Whoever says that homeland security is a domestic enterprise misses the big picture (and a number of posts here). GAO this month released a study commissioned by the Congress that investigates how U.S. Customs and Border Protection engages the global community to harmonize security standards intended to secure the international supply chain. “CBP has taken a lead role in working with foreign customs administrations and the World Customs Organization (WCO),” GAO states.
Oceangoing cargo containers serve as the lifeblood of global trade. Yet they also pose a risk of terrorist exploitation, according to the GAO and numerous other studies. CBP is the main government entity in the U.S. responsible for overseeing security of the global supply chain.
The adoption of uniform international customs security standards is the foundation for governance frameworks that can support greater security through mutual recognition of customs security-related practices and programs. Ultimately, such governance frameworks enable partnering nations to recognize and accept security measures taken by another administration. This leads to less porous security networks, greater efficiencies, and a more resilient global economy.
CBP collaborated with eleven other members of the WCO to develop the Framework of Standards to Secure and Facilitate Global Trade (SAFE Framework), which draws upon familiar concepts of the Container Security Initiative (CSI) and the Customs-Trade Partnership Against Terrorism (C-TPAT). While these two programs have their flaws, the SAFE Framework provides standards for collaboration among numerous national customs organizations participating in the global supply chain. As of July 2008, 154 WCO members had signed letters of intent to implement the SAFE Framework standards.

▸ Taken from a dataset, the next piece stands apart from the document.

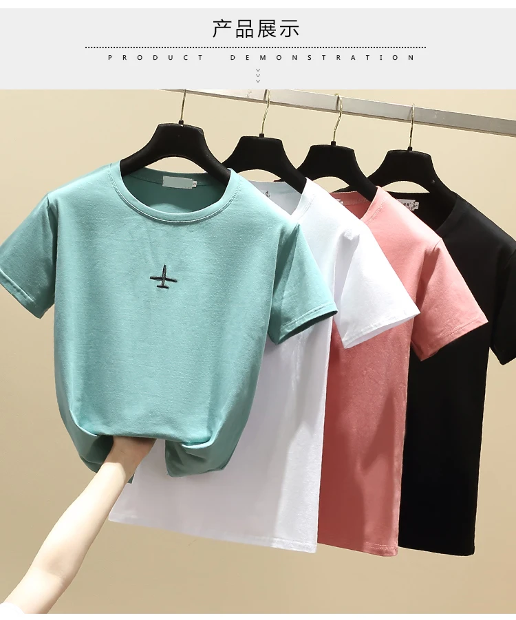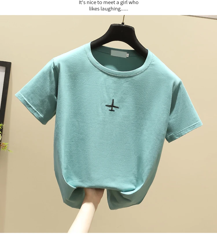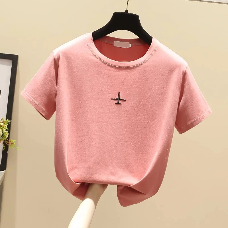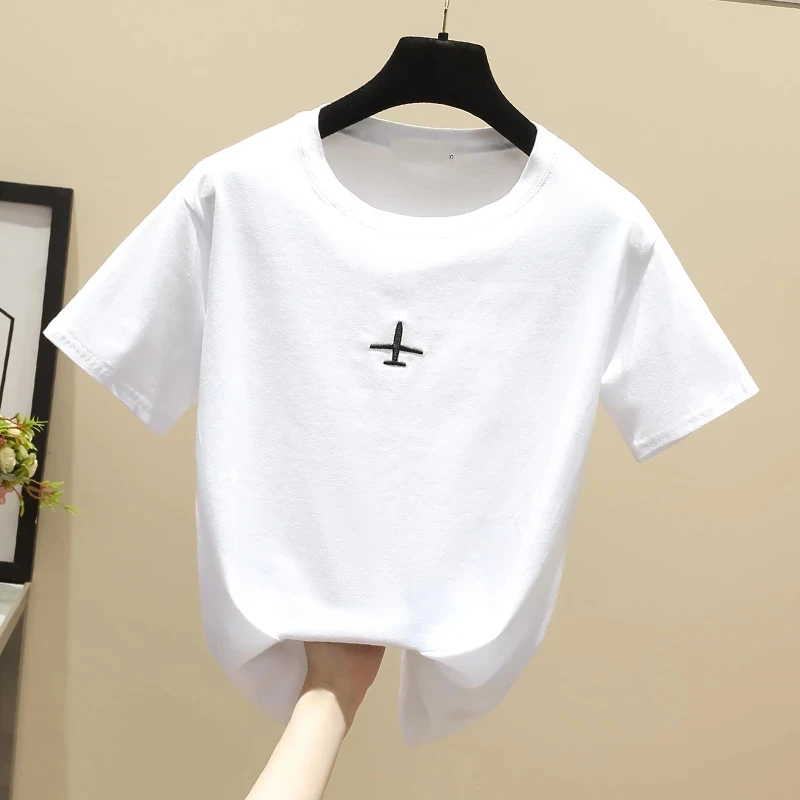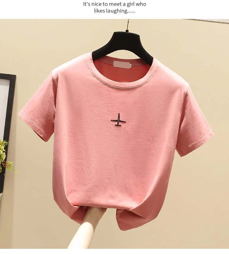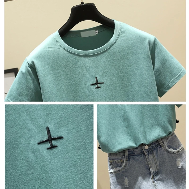 Футболка женская с вышивкой, летний топ с коротким рукавом Женская хлопчатобумажная рубашка, Корейская футболка, Femme Camisetas Mujer Verano 2021

While the SAFE Framework establishes a system of mutual recognition for smoother global trade among interdependent countries, it is by no means the only effort underway to harmonize global supply chain security initiatives. GAO reports that in June 2007, “CBP signed a mutual recognition arrangement with New Zealand – the first such arrangement in the world – to recognize each other’s customs-to-business partnership programs.” Just this summer, CBP signed mutual recognition agreements with Jordan and Canada, and by early 2009, CBP anticipates establishing a mutual recognition agreement with the European Commission, representing 27 nations of the European Union.